*RAW DATA*.
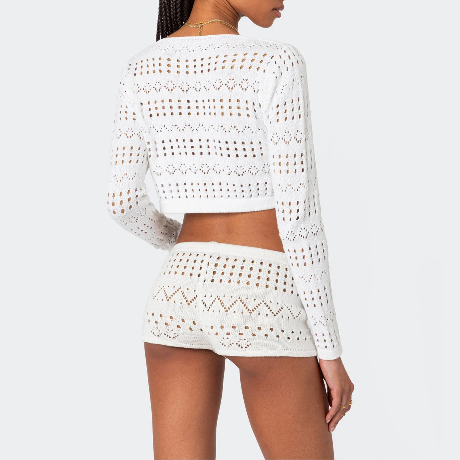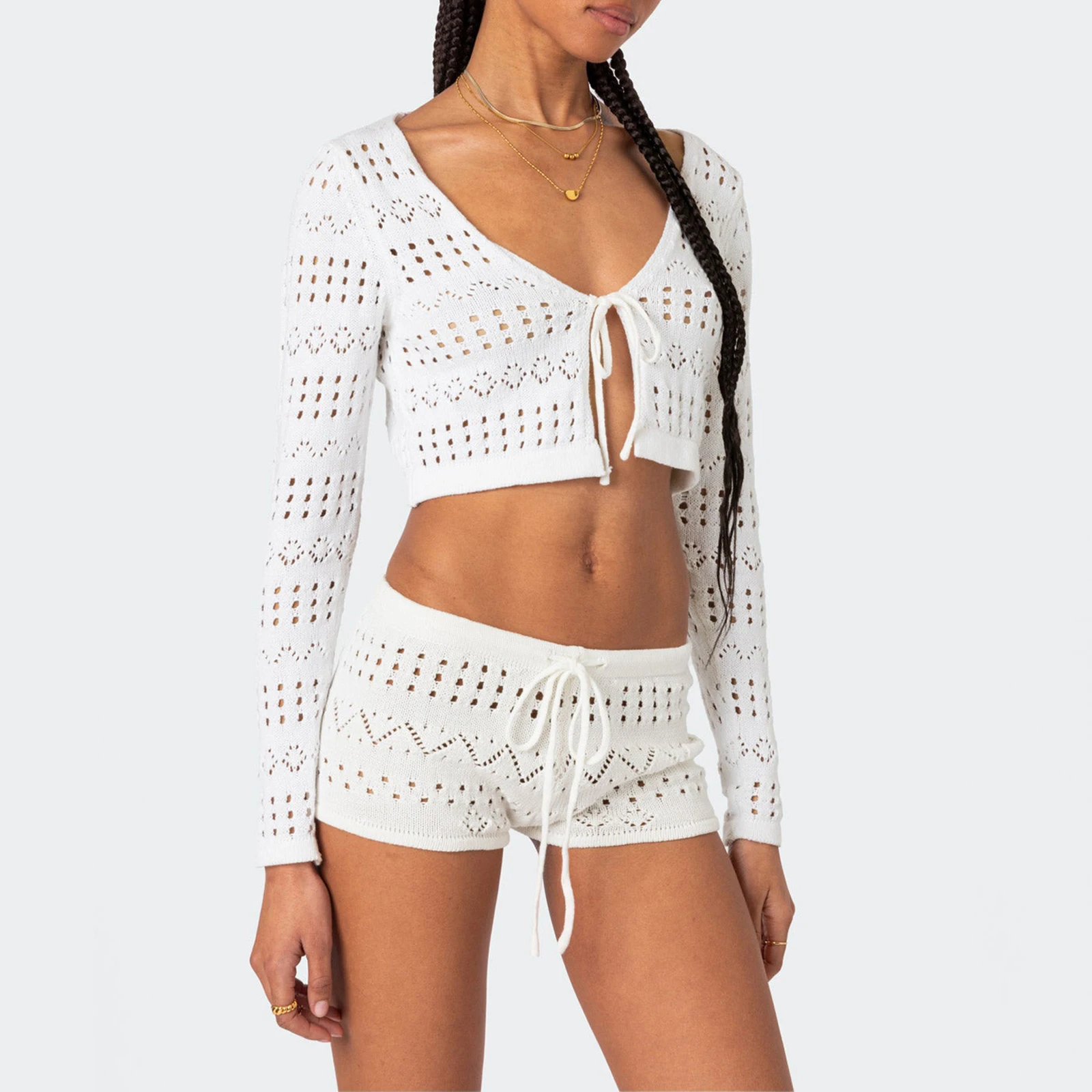 Step onto the sandy shores with confidence and style in our Knitted Swimsuit Beach Cover-Ups. This luxurious crochet shorts set, complete with a long sleeve tie-front cardigan, is designed for the modern woman who appreciates elegance and comfort. Perfect for lounging poolside or enjoying a sunny day at the beach, this outfit embodies effortless chic, making it a must-have addition to your resort wear collection.
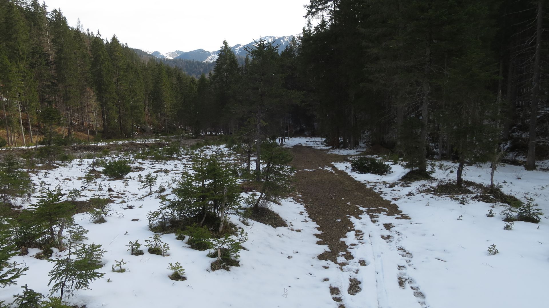 Nach etwas Neuschnee und Schneeverwehungen der vorausgegangenen Nacht mit dem MTB (immer noch ohne Motor) vom Spitzing über die Schlagalm bis fast zum Ende des Fahrwegs im unteren Karboden geradelt, Dort war dann auch die Neuschneegrenze und es hat zum Aufstieg mit Ski direkt ab Raddepot gereicht.
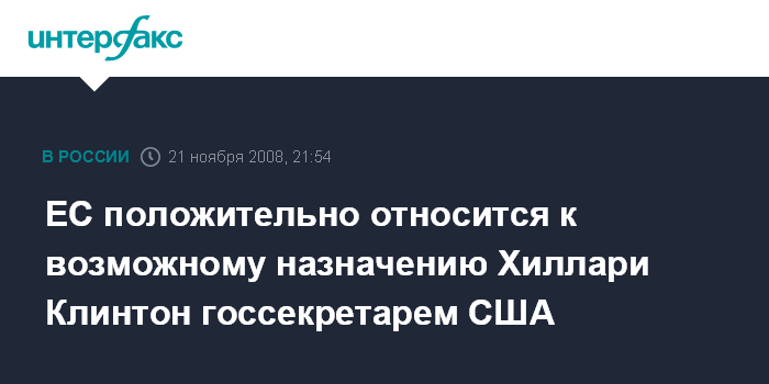 ЕС положительно относится к возможному назначению Хиллари Клинтон госсекретарем США
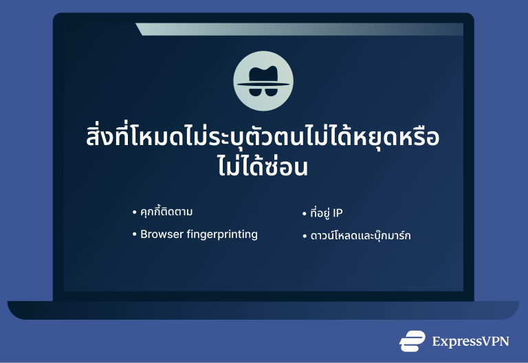 โหมดไม่ระบุตัวตนนั้นถูกออกแบบมาเพื่อรักษาความเป็นส่วนตัวให้การเรียกดูเนื้อหาของคุณบนอุปกรณ์ที่คุณใช้งาน ไม่ใช่เพื่อซ่อนตัวตนออนไลน์ของคุณ
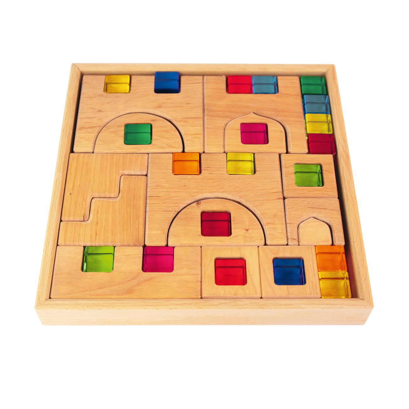 Das Bauspiel Lichtbauschloss ist ein faszinierendes Konstruktionsspielzeug, das Kinder ab 3 Jahren in eine Welt voller leuchtender Baukunst entführt. Das Set besteht aus insgesamt 34 Bauelementen, darunter 20 farbige Lichtbauwürfel und 14 massive Holzbausteine in verschiedenen Formen. Die Kombination von edlem Erlenholz und strahlendem Acryl in zehn intensiven Farben erzeugt faszinierende Lichtspiele und ermöglicht unzählige kreative Konstruktionen.

*WORK INSTRUCTION*. Copy nothing but the lines above from the one with "Nach etwas Neuschnee" to the one with "โหมดไม่ระบุตัว", inclusive, word for word. Leave every picture out.

*SOLUTION FOR THIS PROBLEM*.
 Nach etwas Neuschnee und Schneeverwehungen der vorausgegangenen Nacht mit dem MTB (immer noch ohne Motor) vom Spitzing über die Schlagalm bis fast zum Ende des Fahrwegs im unteren Karboden geradelt, Dort war dann auch die Neuschneegrenze und es hat zum Aufstieg mit Ski direkt ab Raddepot gereicht.
 ЕС положительно относится к возможному назначению Хиллари Клинтон госсекретарем США
 โหมดไม่ระบุตัวตนนั้นถูกออกแบบมาเพื่อรักษาความเป็นส่วนตัวให้การเรียกดูเนื้อหาของคุณบนอุปกรณ์ที่คุณใช้งาน ไม่ใช่เพื่อซ่อนตัวตนออนไลน์ของคุณ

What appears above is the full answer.